All I can cite is my own experience. When in the seminary, I had no idea of who might be same-sex-oriented, although I figured there had to be some, so naturally I might wonder about this or that guy. But it's not like I had anything obvious; there were no flamers. Here's a guy who likes opera and show tunes--only he was a widower, married 20 years. Here's a guy who had an odd mannerism (nothing flagrant); only he talked about the girls he went out with in college. Could have been lying. How can I know?
I hinted, but didn't say directly, what I think about a possible policy completely forbidding same-sex-attracted seminarians. I do have reservations about such a policy, in part because I'm having a hard time seeing how it would be articulated, enforced, and how effective that would be--including the inevitable incentives created and unintended consequences. I think the practical difficulties of actually framing such a policy may explain why it's still "in the works." Making it concrete is not easy to do.
Even assuming the strictest possible likely policy, I honestly don't know if I will think that a good or bad idea. I can see arguments both ways, and reservations both ways.
And after all, it all depends on what, if anything, actually emerges. I am not so bright that the reservations I can come up with won't have occurred to the folks in Rome, too.
Finally, if anything emerges, it may end up being more or less what I tend to favor: not total exclusion of same-sex-oriented men, but close scrutiny and a high standard for commitment to celibate chastity.

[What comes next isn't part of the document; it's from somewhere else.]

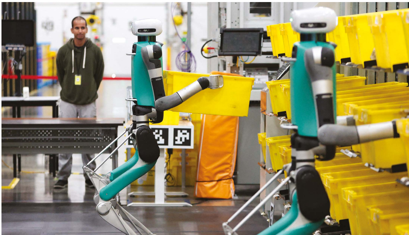
Bipedal robots at Amazon's Robotics Research and Development Hub in Sumner, Washington.
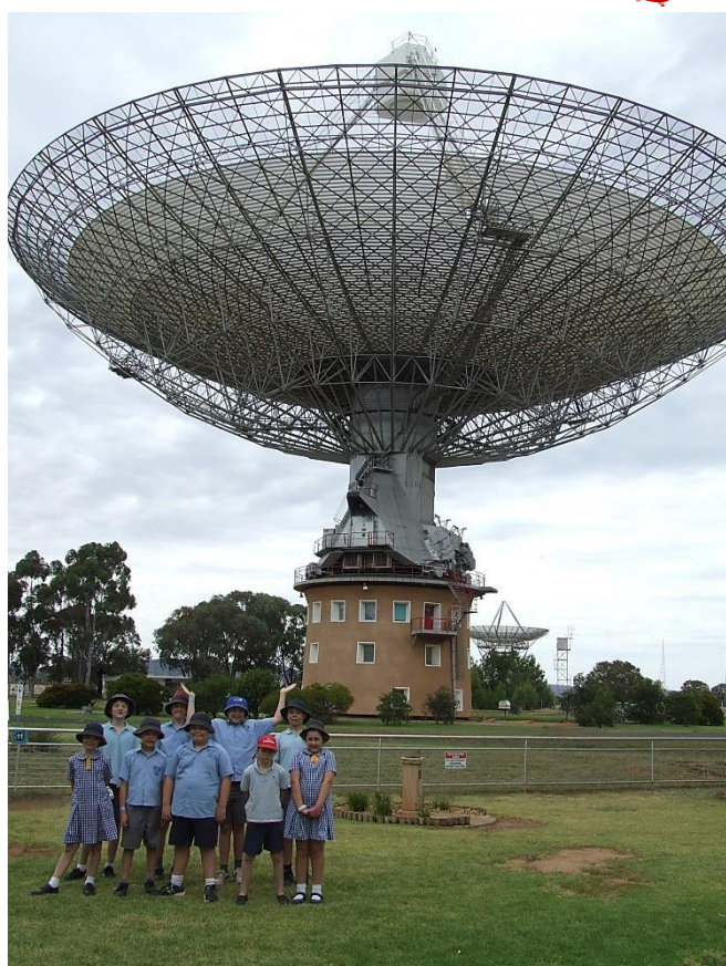
Years 3 – 6 PBL Excursion to the Parkes Telescope – Tuesday, 1 st December.

If anyone is concerned that I'm going to undermine the authority and unity of Mother Church over a policy disagreement, I can assure you that's not my style.
If I may, I publicly swore an oath of fidelity to the Church, and all her teachings, even those not infallibly defined, on two occasions: first, prior to being ordained a deacon, and second, upon my installation as a pastor. In addition, I made a solemn promise at both ordinations, to obey my ordinary, and I renew that every year. Anyone who cares to say I have failed in any of those oaths is welcome to say so; otherwise, I think I'm entitled to the benefit of the doubt.